There is no uniform standard for pricing, making it harder to compare the net-of-pricing attractiveness of alternative
structured product offerings than it is, for instance, to compare the net expense ratios of different mutual funds or
commissions among broker-dealers.
NON-LIQUID ALTERNATIVE INVESTMENT RISK
From time to time, Our Firm will recommend to certain qualifying Clients that a portion of such Clients’ assets be
invested in private funds, private fund-of-funds, or other alternative investments (collectively, “Non-liquid Alternative
Investments”). Non-liquid Alternative Investments are not suitable for all of Our Firm’s Clients. They are offered only
to those qualifying Clients for whom Our Firm believes such an investment is suitable and in line with their overall
investment strategy.
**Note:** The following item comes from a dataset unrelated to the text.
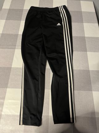 Chándal Adidas de color negro con las tres franjas blancas características de la marca a los lados. - Cintura elástica con cordón. - Logo de Adidas en la pierna derecha.
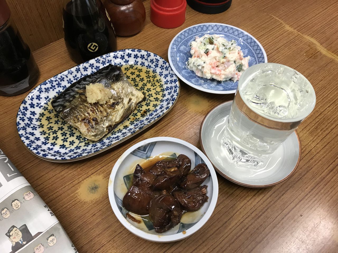 鯖塩焼き、鳥肝煮、ポテトサラダ、茶碗蒸し@魚源食堂

Non-liquid Alternative Investments typically are available to only a limited number of
sophisticated investors who meet the definition of “accredited investor” under Regulation D of the Securities Act of
1933, as amended (the “Securities Act”), or “qualified Client” under the Investment Advisers Act of 1940 or
“qualified purchaser” under the Investment Company Act of 1940. Non-liquid Alternative Investments present special
risks for Our Firm’s Clients, including, without limitation, limited liquidity, higher fees and expenses, volatile
performance, no assurance of investment returns, heightened risk of loss, limited transparency, additional reliance
on underlying management of the investment, special tax considerations, subjective valuations, use of leverage and
limited regulatory oversight. When a Non-liquid Alternative Investment invests part or all of its assets in real estate
properties, there are additional risks that are unique to real estate investing, including but not limited to limitations
of the appraisal value, the borrower’s financial conditions (if a loan has obtained the underlying property), including
the risk of foreclosures on the property; neighborhood values; the supply of and demand for properties of like kind;
and specific city, state or federal regulations.
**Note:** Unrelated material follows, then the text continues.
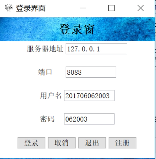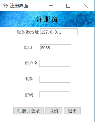 读取输入的 ip,端口,用户名,昵称,密码,并向服务器发送注册消息,服务器端判断若没有重复用户名,则返回登录窗口,并将其信息写入文件 |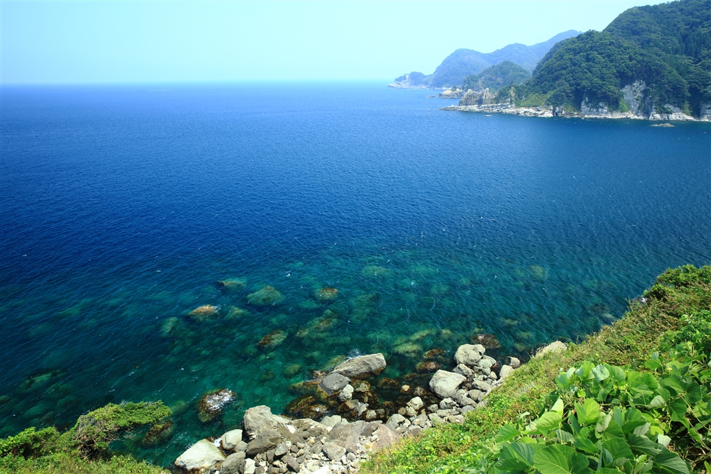 「夏の海の深き色」 余部埼灯台と余部橋梁との中間ぐらい

Additionally, real estate investing is also subject to possible loss due to uninsured losses from natural and artificial
disasters. The above list is not exhaustive of all risks related to an investment in Non-liquid Alternative Investments.
A more comprehensive discussion of the risks associated with a particular Non-liquid Investment is set forth in that
fund’s offering documents, which will be provided to each Client subscribing to a Non-liquid Alternative Investment
for review and consideration. It is important that each potential, qualified investor carefully read each offering or
private placement memorandum before investing.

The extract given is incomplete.